== WHAT YOU NEED TO DO ==
All of the records below need to be written out exactly, but without the pictures.

#### SOURCE INFORMATION

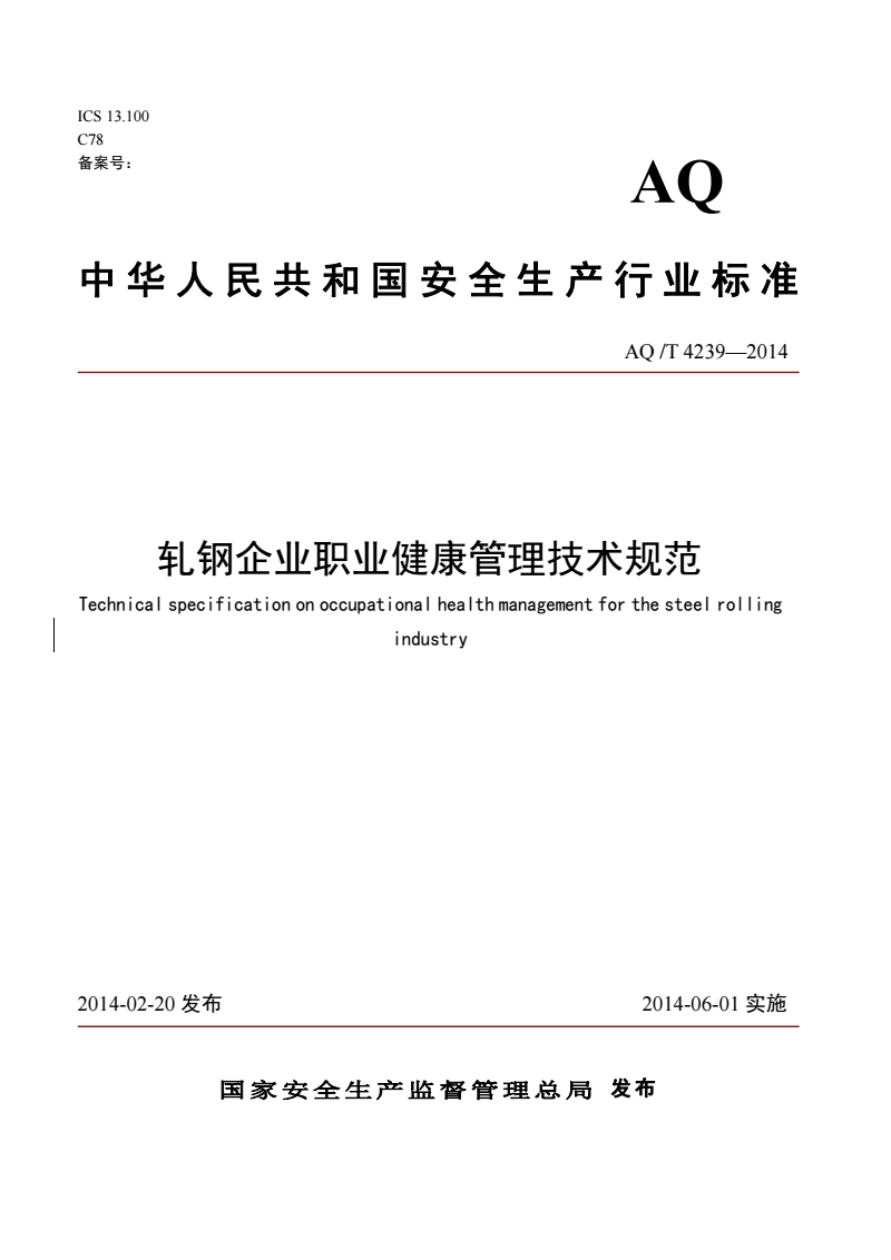 英文名称:Technical specification on occupational health management for the steel rolling industry
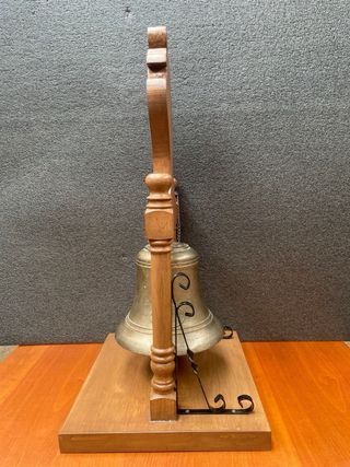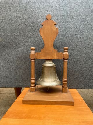 Preciosa campana antigua de bronce, ideal para decoración. Se incluye soporte de madera tallada. - Campana de bronce con pátina antigua. - Soporte de madera de estilo clásico. - Pieza única para decoración vintage.Venta en persona , no se hace envios . medidas de la campana sin mueble -alto 30cm , diametro 26cm , pesa 20kg . Medidas del mueble - alto 85cm , ancho 39 x 39 cm
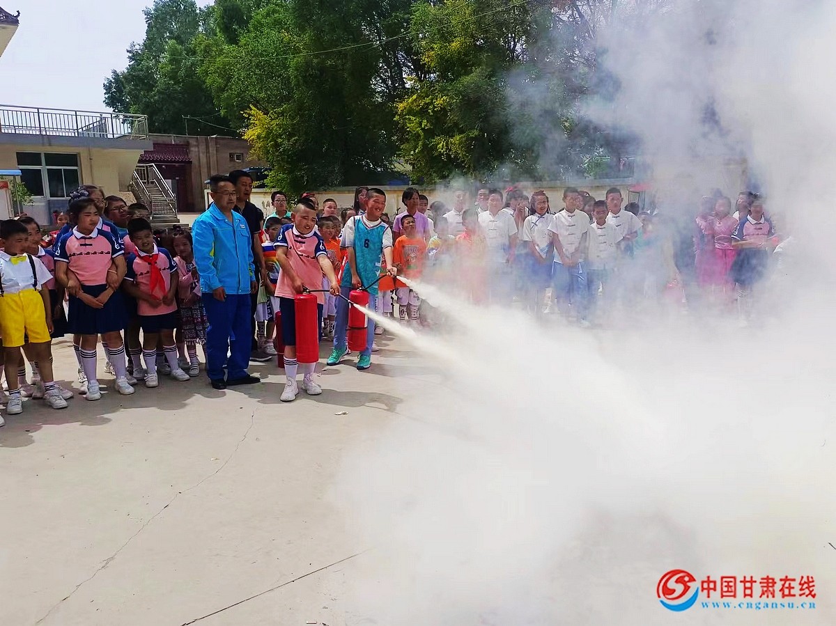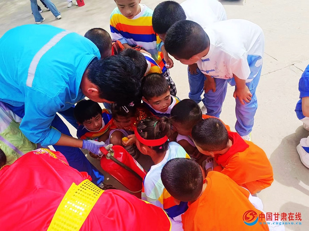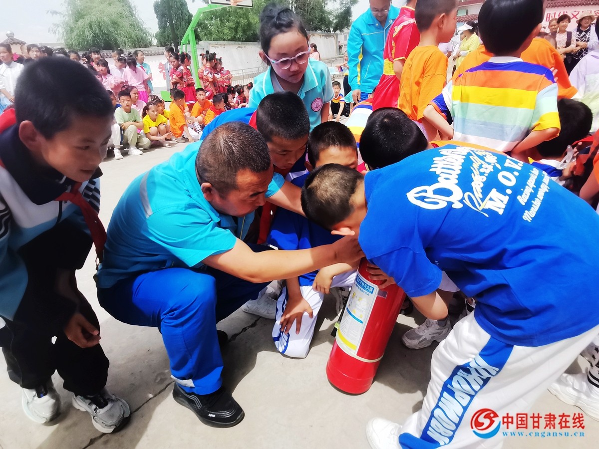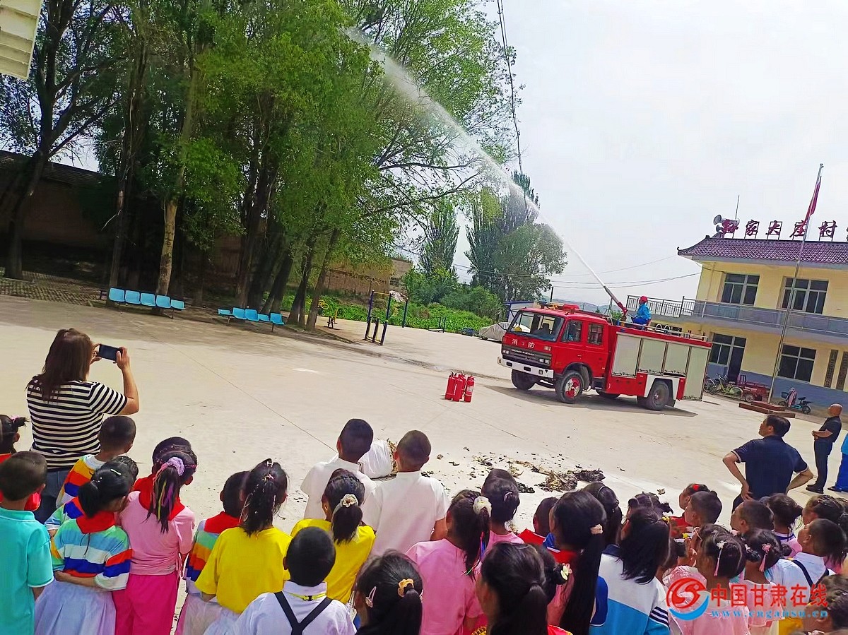 中国甘肃在线临洮讯 5月30日,中国石油甘肃销售临洮油库组织青年警消队员在第74个国际六一儿童节来临之际,走进临洮县八里铺镇孙家大庄村部小学,与孩子们一起开展了一次别开生面的消防知识“进校园”,安全防护伴“童”行宣传活动。
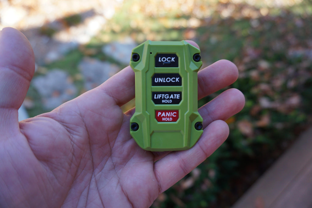 Button sets include both a "Liftgate" and blank button to accommodate both 3 and 4 button versions. Both black and red button sets include a red and black panic button.
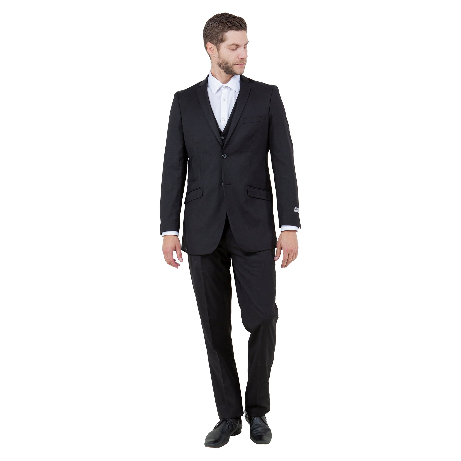 Step into sophistication with the Men's Tazzio Slim-Fit 3pc Suit in timeless black by Tazio. Meticulously tailored, the jacket features a slim fit, slim notch lapel, and two-button closure with side vents for comfort. The coordinating vest and flat front pants complete the ensemble, boasting practicality and elegance. Perfect for formal events or business meetings, this suit ensures you make a lasting impression.
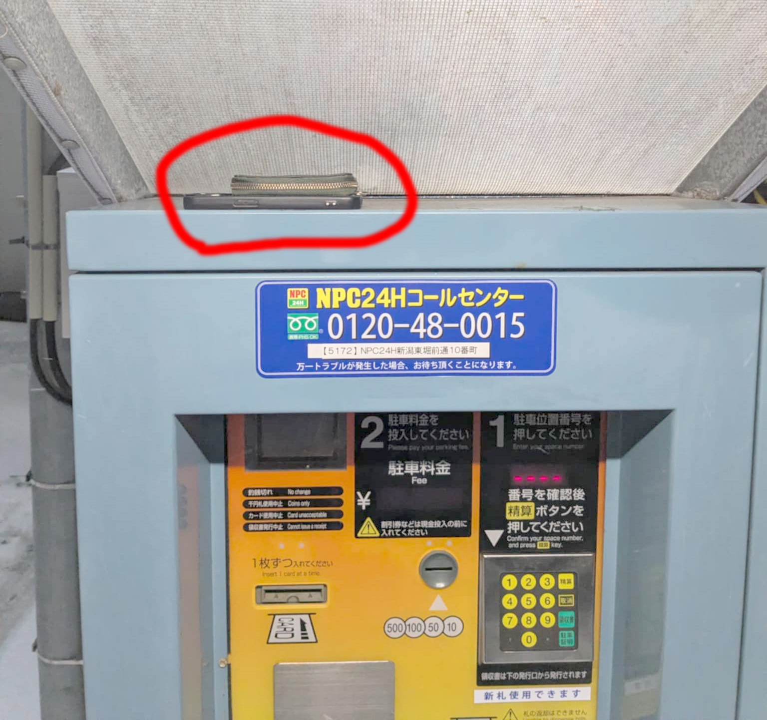拾った人がいて、精算機の上に置いたみたい。

########

== ANSWER TO THIS TASK ==
 英文名称:Technical specification on occupational health management for the steel rolling industry
 Preciosa campana antigua de bronce, ideal para decoración. Se incluye soporte de madera tallada. - Campana de bronce con pátina antigua. - Soporte de madera de estilo clásico. - Pieza única para decoración vintage.Venta en persona , no se hace envios . medidas de la campana sin mueble -alto 30cm , diametro 26cm , pesa 20kg . Medidas del mueble - alto 85cm , ancho 39 x 39 cm
 中国甘肃在线临洮讯 5月30日,中国石油甘肃销售临洮油库组织青年警消队员在第74个国际六一儿童节来临之际,走进临洮县八里铺镇孙家大庄村部小学,与孩子们一起开展了一次别开生面的消防知识“进校园”,安全防护伴“童”行宣传活动。
 Button sets include both a "Liftgate" and blank button to accommodate both 3 and 4 button versions. Both black and red button sets include a red and black panic button.
 Step into sophistication with the Men's Tazzio Slim-Fit 3pc Suit in timeless black by Tazio. Meticulously tailored, the jacket features a slim fit, slim notch lapel, and two-button closure with side vents for comfort. The coordinating vest and flat front pants complete the ensemble, boasting practicality and elegance. Perfect for formal events or business meetings, this suit ensures you make a lasting impression.
拾った人がいて、精算機の上に置いたみたい。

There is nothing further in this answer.